WHAT TO WORK ON: Reproduce only this stretch of the listing below: from the line with "Tuxedo Black Memento Ink Pad - 132708" through the line with "Attendees networking at", exactly as written, with pictures excluded.

DATA TO USE:
· · · · · · ·

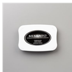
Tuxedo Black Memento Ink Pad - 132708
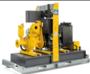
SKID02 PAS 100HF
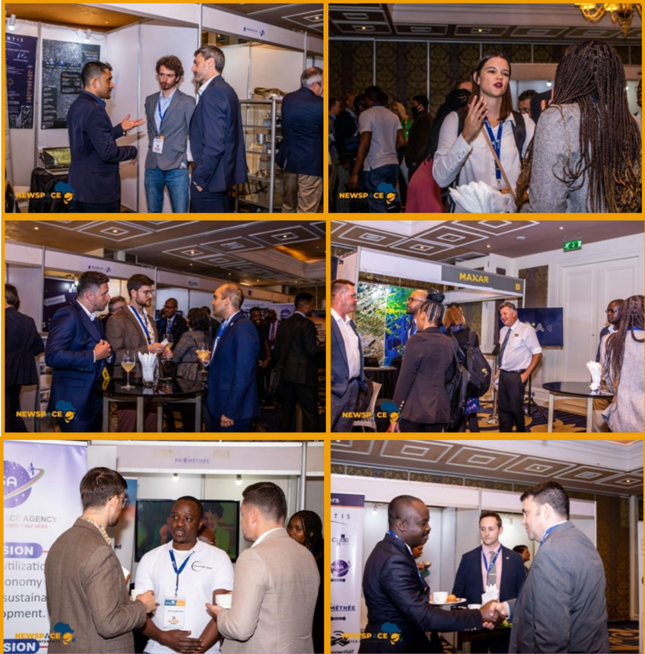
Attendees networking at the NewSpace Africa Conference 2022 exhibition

· · · · · · ·

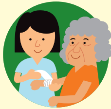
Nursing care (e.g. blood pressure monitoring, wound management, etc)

· · · · · · ·

WRITTEN SOLUTION:
Tuxedo Black Memento Ink Pad - 132708
SKID02 PAS 100HF
Attendees networking at the NewSpace Africa Conference 2022 exhibition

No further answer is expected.